There was an issue with viewing the artifact merged_seqs-taxonomy-silva.qza as QIIME 2 Metadata:

  CategoricalMetadataColumn does not support values with leading or trailing whitespace characters. Column 'Taxon' has the following value: 'D_0__Bacteria;D_1__Gemmatimonadetes;D_2__Gemmatimonadetes;D_3__Gemmatimonadales;D_4__Gemmatimonadaceae;D_5__Gemmatimonas;D_6__uncultured bacterium '

fedarko · 2020-06-15T23:36:56Z

@antgonza I'm working on testing that this error is resolved right now -- do you happen to still have the data that caused this lying around?

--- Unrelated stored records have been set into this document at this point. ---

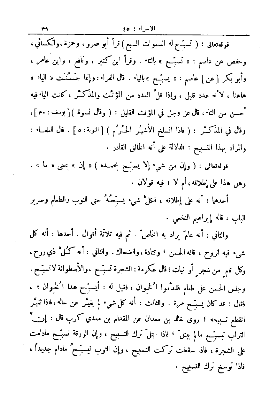قوله تعالى تسبح له السموات السبع قرأ أبو عمرو وحمزة والكسائي وحفص عن عاصم تسبح بالتاء وقرأ ابن كثير ونافع وابن عامر وأبو بكر عن عاصم يسبح بالياء قال الفراء وإنما حسنت الياء هاهنا لأنه عدد قليل وإذا قل العدد من المؤنث والمذكر كانت الياء فيه أحسن من التاء قال عز و جل في المؤنث القليل وقال نسوة يوسف 30 وقال في المذكر فاذا انسلخ الاشهر الحرم التوبه 5 قال العلماء والمراد بهذا التسبيح الدلالة على أنه الخالق القادر
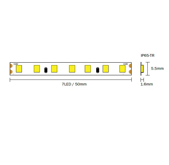 Strip led flex 140led/mt 2835 ip65-tr natural 4000k 9,6w/mt 24v 1420lm/mt cri>80 5000x5,5mm - biadesivo 3m - garanzia 3 anni
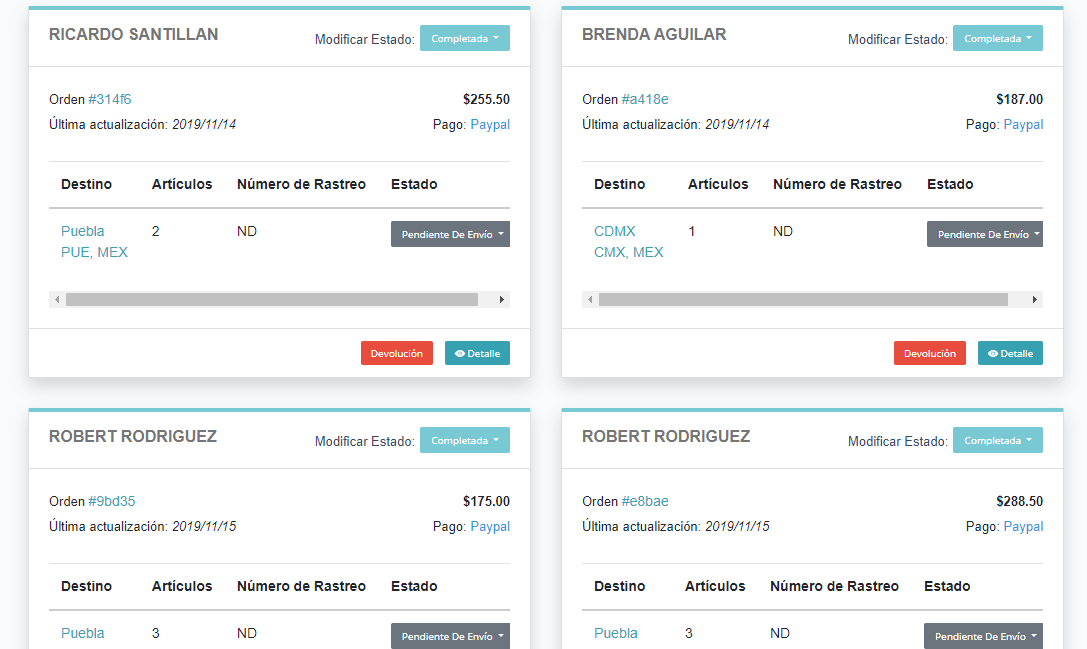 Da seguimiento a los pedidos de tus clientes, notifícales a través de un correo electrónico automatizado si su pedido va en camino al marcar una orden en tránsito o indica cuando un pedido ya fue entregado a tu cliente y lleva un control de tus entregas. Gestiona todo el seguimiento desde un mismo panel del control.
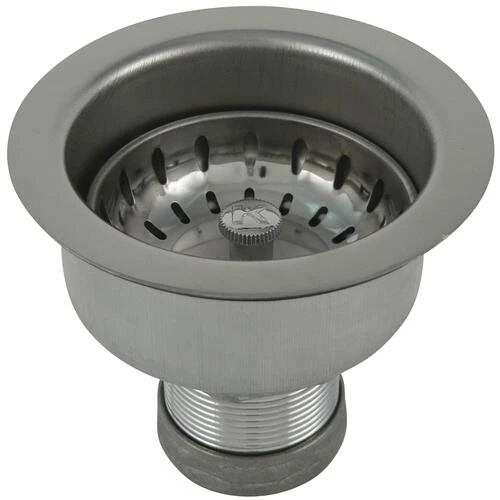 Professional grade stainless steel deep cup locking shell strainer with chrome plated brass shank. Spring post stainless basket with safety rolled edge. Fits stainless steel, cast iron and composite sinks. Includes all nuts and washers.
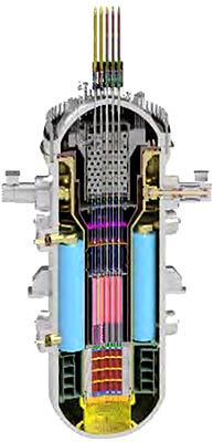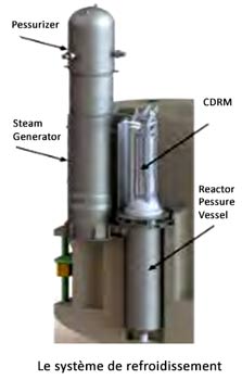 C’est un modèle compact. La cuve du réacteur intègre le cœur, 8 GV, 4 pompes de circulation, le pressuriseur et 25 mécanismes de barres de contrôle et 4 réservoirs d’appoint en eau pour le refroidissement d’urgence et l’évacuation de la puissance résiduelle.
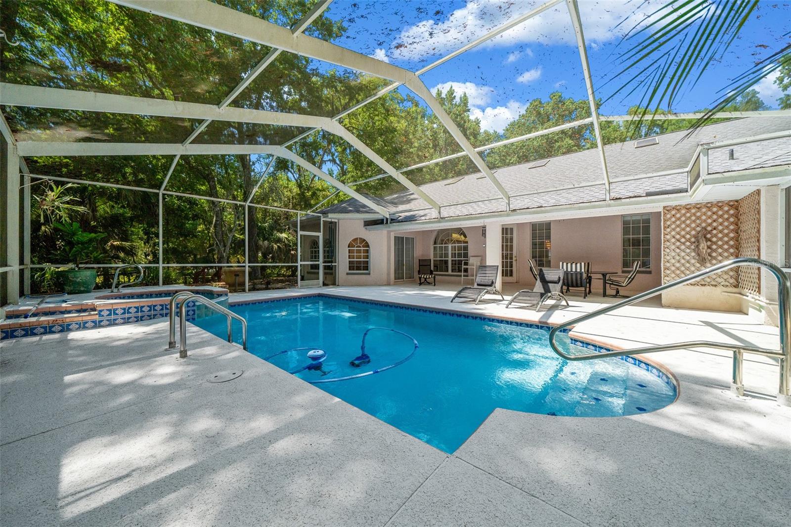 Welcome to riverside serenity that has NEVER flooded!! Nestled along the picturesque banks of the Withlacoochee River, this impeccably maintained 3-bedroom, 3-bathroom pool home offers a lifestyle of true Nature Coast tranquility. Inside you will discover a spacious interior flooded with natural light and ample living space for the whole family. The popular split style floor plan offers a master bedroom with ensuite bathroom on one side of the home, one large guest bedroom with ensuite bathroom on the opposite side of the home along with the third bedroom near the office/den space and third full bathroom! Outside, your own paradise awaits. Step onto the expansive patio area to soak in the Florida sunshine or take a refreshing dip in the enclosed sparkling pool. Easily able to reconstruct a summer kitchen to add to your entertainment space. With a full acre to yourself, there's plenty of space for outdoor activities. But the true highlight of this property is its waterfront location. Being located right on the Withlacoochee River easily gives you access to the Gulf of Mexico. Your days can be spent fishing off the floating dock, kayaking along the tranquil waters, or simply taking in the all natural views. Don't miss your chance to experience riverfront living at its best. Schedule your showing today and make this extraordinary property your new home sweet home!
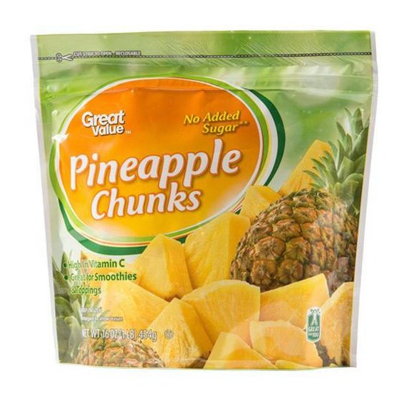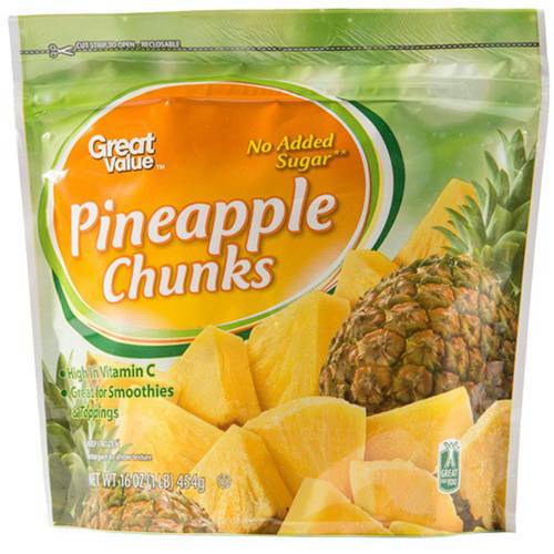 Details Ingredients PINEAPPLE Product features Add some sweetness to your day with Great Value Pineapple Chunks. They are great for homemade smoothies and snacks. Serve them up plain or topped with whipped cream for a delicious treat. Add to fruit salads, ice cream, yogurt or milkshakes. Use them to top off cereal, pancakes or waffles. They are also great as a topping on cheesecake and other dessert recipes. They offer nutritional benefits as they are a good source of dietary fiber and contain no added sugar. Enhance the flavors of your smoothies with the addition of Great Value Pineapple Chunks. Great Value products provide families with affordable, high quality grocery and household consumable options. With our wide range of product categories spanning grocery and household consumables, we offer you a variety of products for your family's needs. Our products are conveniently available online and in Walmart stores nationwide, allowing you to stock up and save money at the same time. Great Value Frozen Pineapple Chunks, 16 oz Perfect for smoothies and snacks Given Walmart's Great For You seal Resealable bag to maintain freshness Top waffles, pancakes, cheesecakes, and more Net Quantity of Content 3 X 1 cup (140g)

I think this addresses biocore#129, at least to the extent that we can handle this without messing with QIIME 2. But I'm not closing it until I can verify (if poss.) that the original error is rectified.

see biocore#129

fedarko · 2020-06-16T18:53:03Z

Ok, updates on this: I can replicate the error @antgonza reported by, in QIIME 2 2019.7, running qiime metadata tabulate on the taxonomy file he was using (thanks for sharing it with me!). In QIIME 2 2019.10, the error is fixed, and the taxonomy file can be viewed as metadata without the error. I confirmed also that generating an Empress visualization from @antgonza's files works without an error in QIIME 2 2019.10.*

This is because the issue causing this problem was fixed in the 2019.10 version of QIIME 2, so I've just updated the README accordingly to request that users use at least that version. Just to be super extra careful, I've also added tests that verify that leading/trailing whitespace (including testing the exact D_5__Gemmatimonas annotation above) are handled properly.

So I think we can close this issue when the feature metadata branch (to which the above changes have been made) is merged in.

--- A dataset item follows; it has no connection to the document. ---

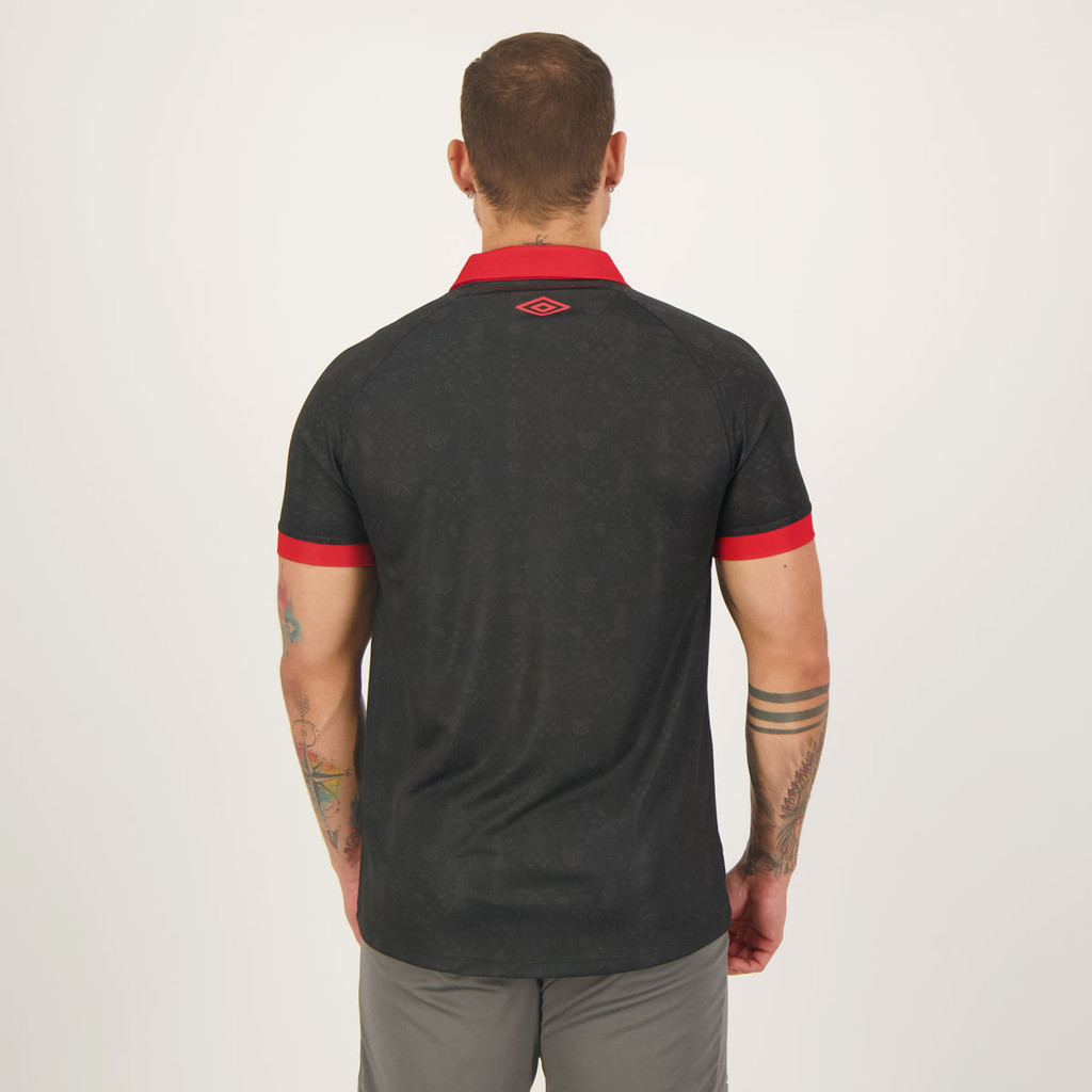 A Umbro apresenta a camisa III do Sport para 2023, o manto foi inspirado no traje "Sport Fino", termo usado por um dos torcedores mais ilustres do Leão, Ariano Suassuna. A peça exibe design na cor preta e uma faixa vertical vermelha, fazendo referência a brincadeira feita por Ariano Suassuna para se referir ao seu costume preferido, inspirado no Leão, terno preto e camiseta vermelha. Além disso, são vistos de forma texturizada, pictogramas caracteristicos da obra do autor, inspirados no Movimento Armorial, vertente artístico-cultural, que tem Suassuna como um dos principais idealizadores, para valorizar as artes populares nordestinas. Na parte inferior, traz um selo estilizado como um livro com o artista na capa, o ano de nascimento com o símbolo do infinito, traz icônica frase "Felicidade é torcer pelo Sport" na estampa e na nuca. Ariano Suassuna foi um intelectual, escritor, filósofo, teórico da arte, dramaturgo, romancista, ensaísta, poeta, artista plástico, professor, advogado, palestrante brasileiro e um apaixonado pelo Sport Recife. Composição: 100% Poliéster Cor predominante: Preta Indicada para: Jogo Clube: Sport Recife Gênero: Masculino Origem: Nacional Escudo: Bordado Manga: Curta Gola: Polo Dimensões aproximadas (A x L): P: 74 x 51 cm M: 76 x 54 cm G: 78 x 58 cm GG (2G): 80 x 62 cm EG (2GG): 82 x 66 cm EEG (3GG): 84 x 70 cm EEEG (4GG): 86 x 75 cm

* (I had to generate the visualization on barnacle, since my computer killed the Empress python code... when I tried to view the resulting QZV on chrome, my browser wouldn't load it after ~5 minutes so I just gave up. However, the visualization was at least generated successfully. This is more motivation for improving the tool's performance as discussed in #74, #151, etc.)

antgonza · 2020-06-16T19:04:37Z

Thank you @fedarko!

BTW the shared files are from a meta-analysis from 3 host types (rats, mice, human) and only 5 qiita studies ... highlighting the importance of fixing/improving those other issues!

antgonza · 2020-06-16T19:06:31Z

Thinking about this, @fedarko, @ElDeveloper should those performance issues be part of the alpha release?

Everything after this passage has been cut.